What to work on: Set down the data below in full and exactly, minus the pictures.

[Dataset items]
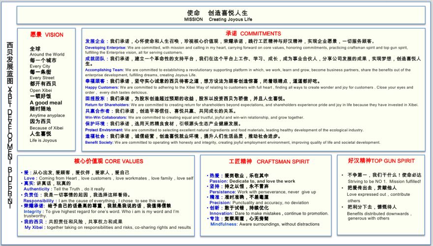 在“西贝蓝图”里,西贝的愿景是“全球每一个城市、每一条街,都开有西贝,一顿好饭、随时随地,因为西贝,人生喜悦”。
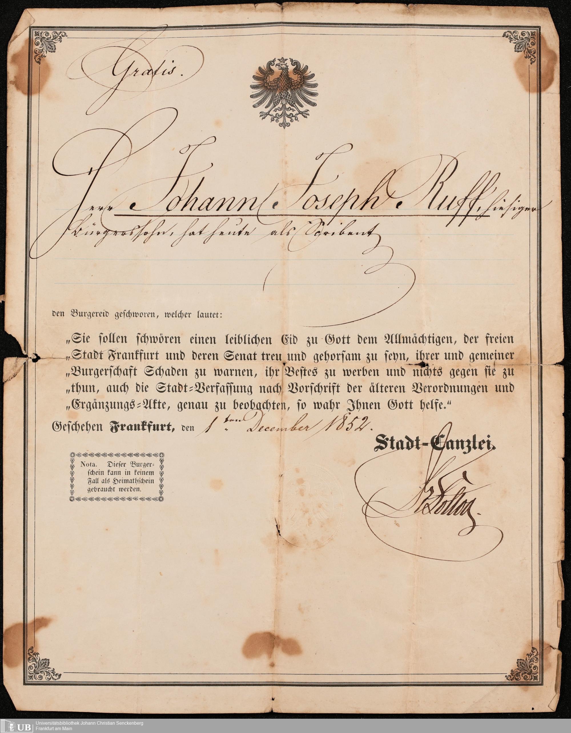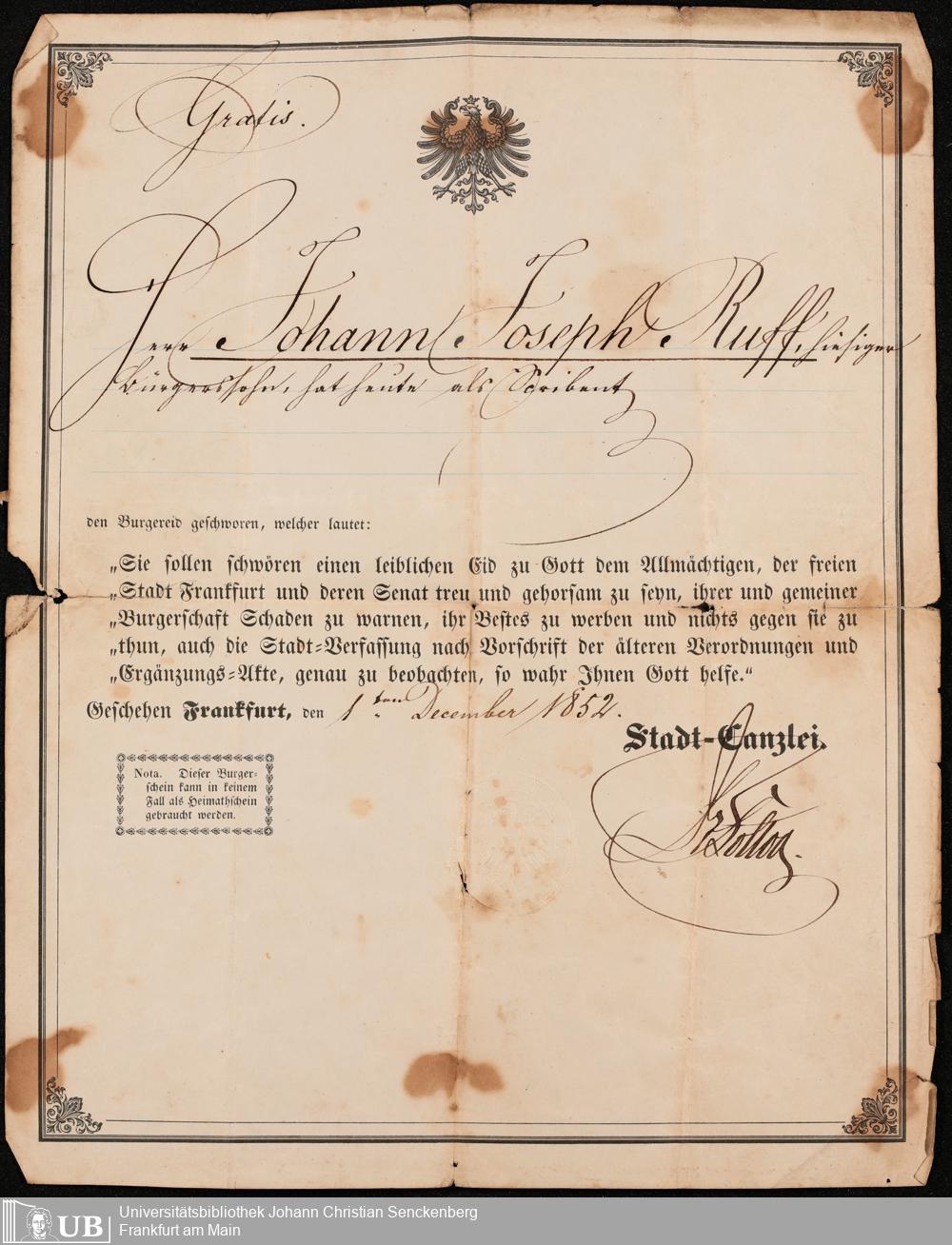B 5 Dr. Senckenbergische Stiftung, 219 - Legitimationspapiere und Zeugnisse
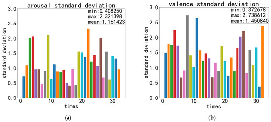 Recordings of ECA-CRNN’s best recognition standard deviation on DEAP: (a) standard deviation of arousal; (b) standard deviation of valence.
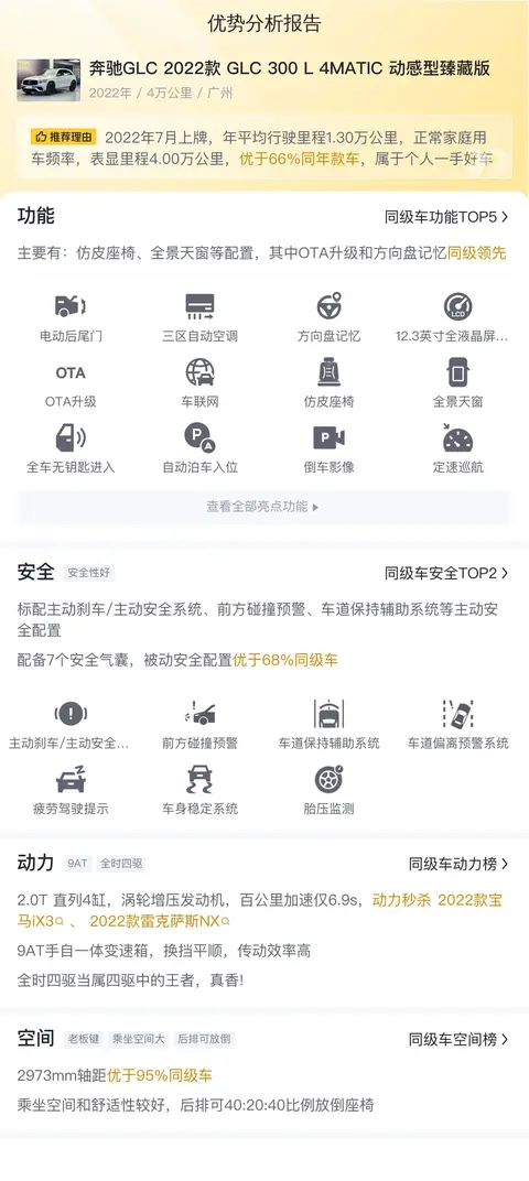 奔驰GLC(图片|配置|询价)自从在北京奔驰国产之后,就一直是国内豪华中型SUV市场的绝对标杆车型,虽然宝马X3和奥迪Q5L也是紧追不舍,但奔驰GLC一直保持着自己的节奏,稳扎稳打。今天要说这款奔驰GLC 2022款 GLC 300 L 4MATIC 动感型臻藏版,车龄小,正是最好的使用时期,总共行驶了4万公里,报价27万,属于比较低的价格了。
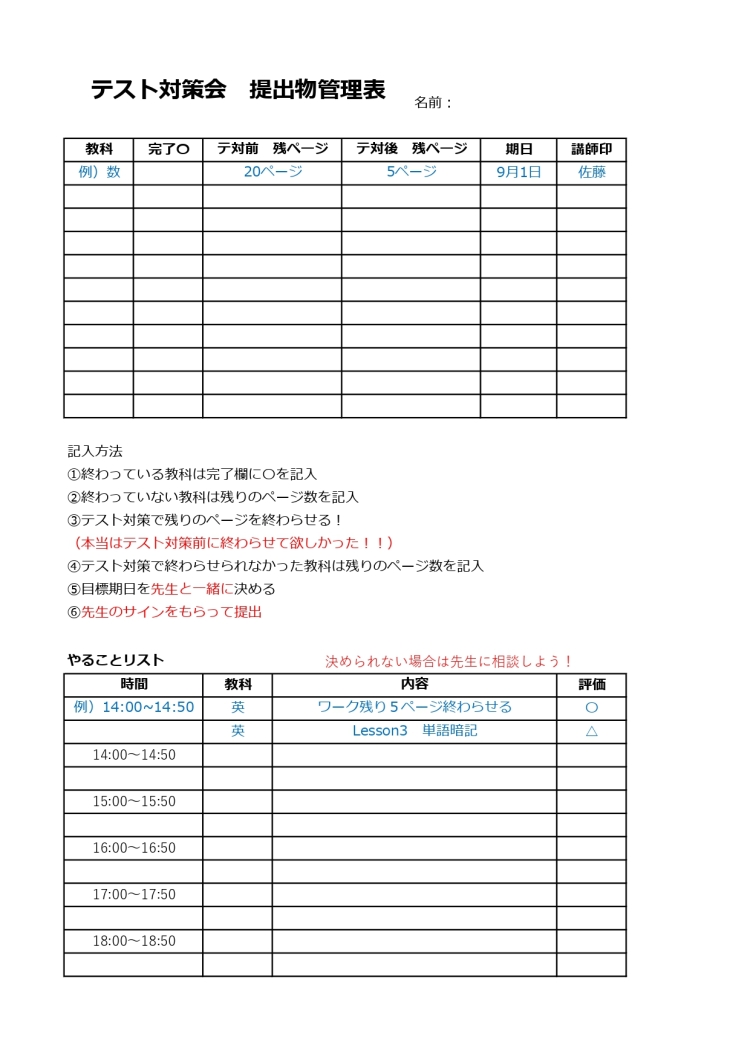 「どこまで進んでいるか」「どこまで仕上げる必要があるか」を確認し、テスト日までの計画を立てます。
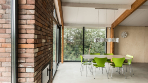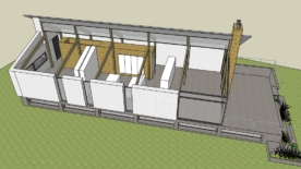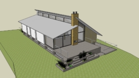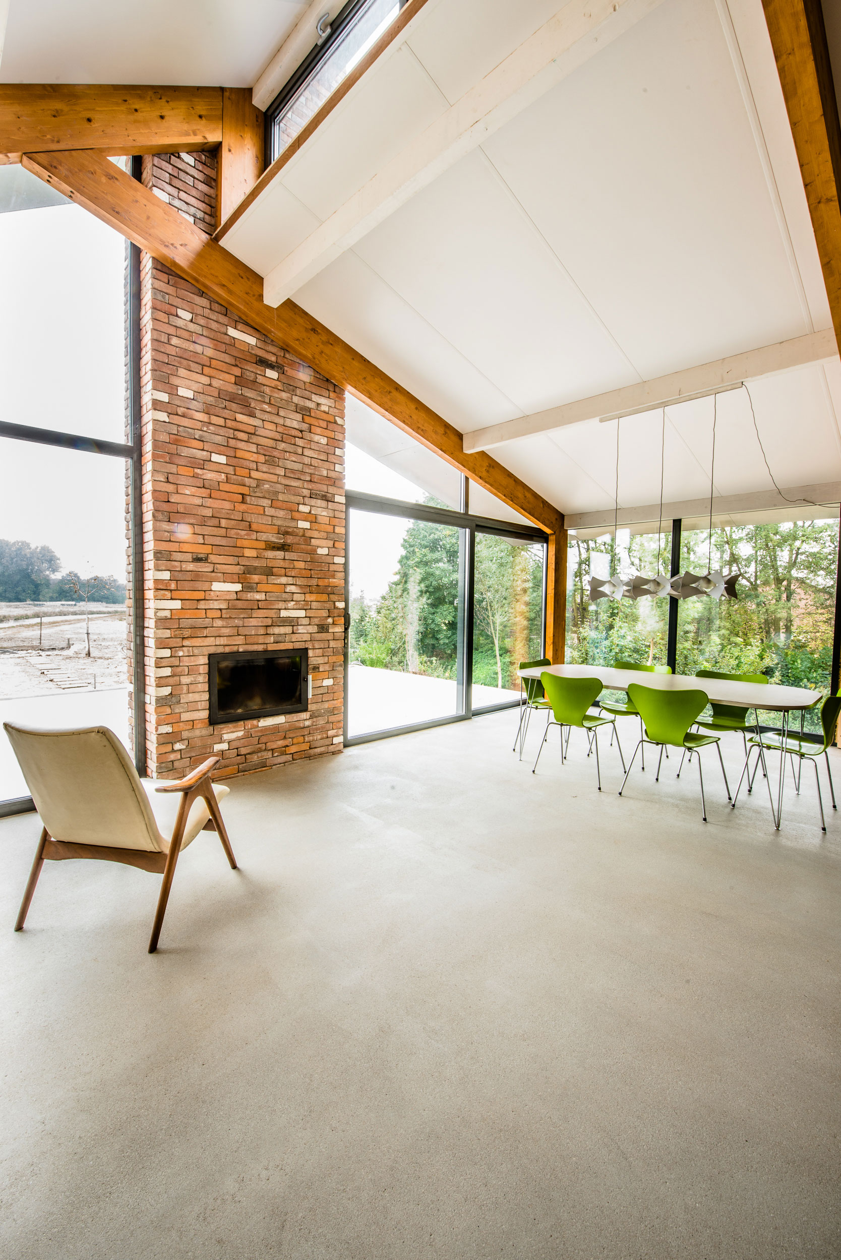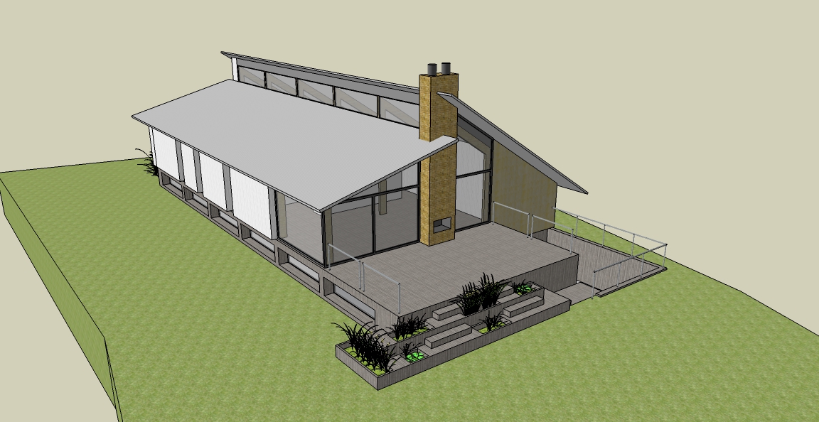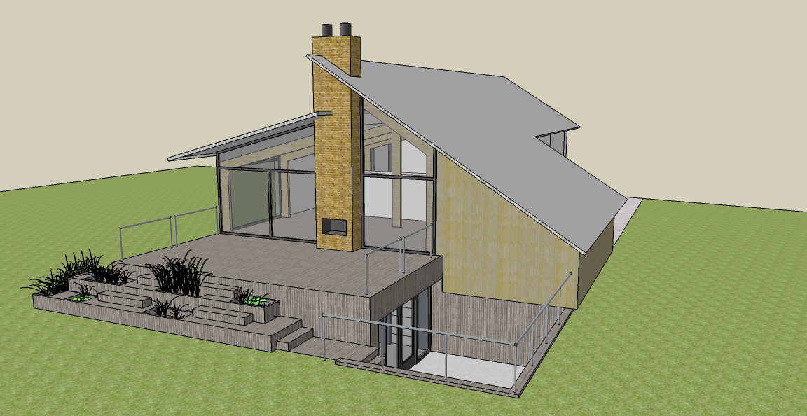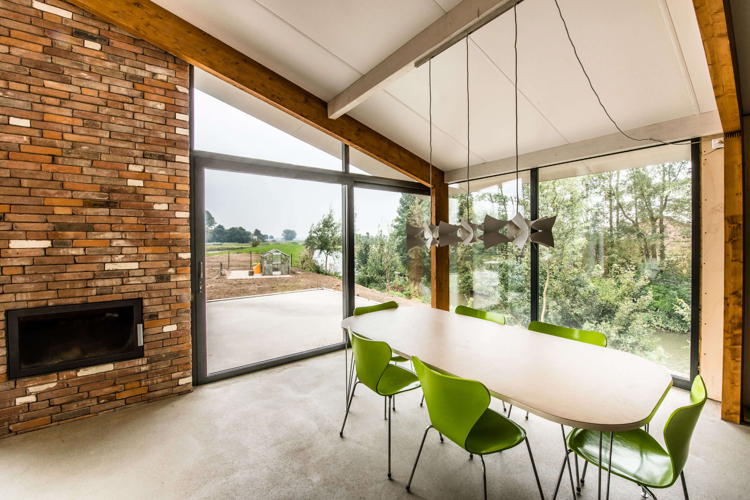 Bedoeling is om de woning uit te voeren in houtskeletbouw in combinatie met een bakstenen buitenblad. De bekleding van het uitgebouwde deel aan de noordzijde is uit aluminium golfplaat. Het lessenaarsdak aan de zuidzijde wordt voorzien van geïntegreerde zonnepanelen, aan de de noordzijde wordt het lessenaarsdak afgewerkt als groendak.

Written answer:
 在“西贝蓝图”里,西贝的愿景是“全球每一个城市、每一条街,都开有西贝,一顿好饭、随时随地,因为西贝,人生喜悦”。
B 5 Dr. Senckenbergische Stiftung, 219 - Legitimationspapiere und Zeugnisse
 Recordings of ECA-CRNN’s best recognition standard deviation on DEAP: (a) standard deviation of arousal; (b) standard deviation of valence.
 奔驰GLC(图片|配置|询价)自从在北京奔驰国产之后,就一直是国内豪华中型SUV市场的绝对标杆车型,虽然宝马X3和奥迪Q5L也是紧追不舍,但奔驰GLC一直保持着自己的节奏,稳扎稳打。今天要说这款奔驰GLC 2022款 GLC 300 L 4MATIC 动感型臻藏版,车龄小,正是最好的使用时期,总共行驶了4万公里,报价27万,属于比较低的价格了。
 「どこまで進んでいるか」「どこまで仕上げる必要があるか」を確認し、テスト日までの計画を立てます。
 Bedoeling is om de woning uit te voeren in houtskeletbouw in combinatie met een bakstenen buitenblad. De bekleding van het uitgebouwde deel aan de noordzijde is uit aluminium golfplaat. Het lessenaarsdak aan de zuidzijde wordt voorzien van geïntegreerde zonnepanelen, aan de de noordzijde wordt het lessenaarsdak afgewerkt als groendak.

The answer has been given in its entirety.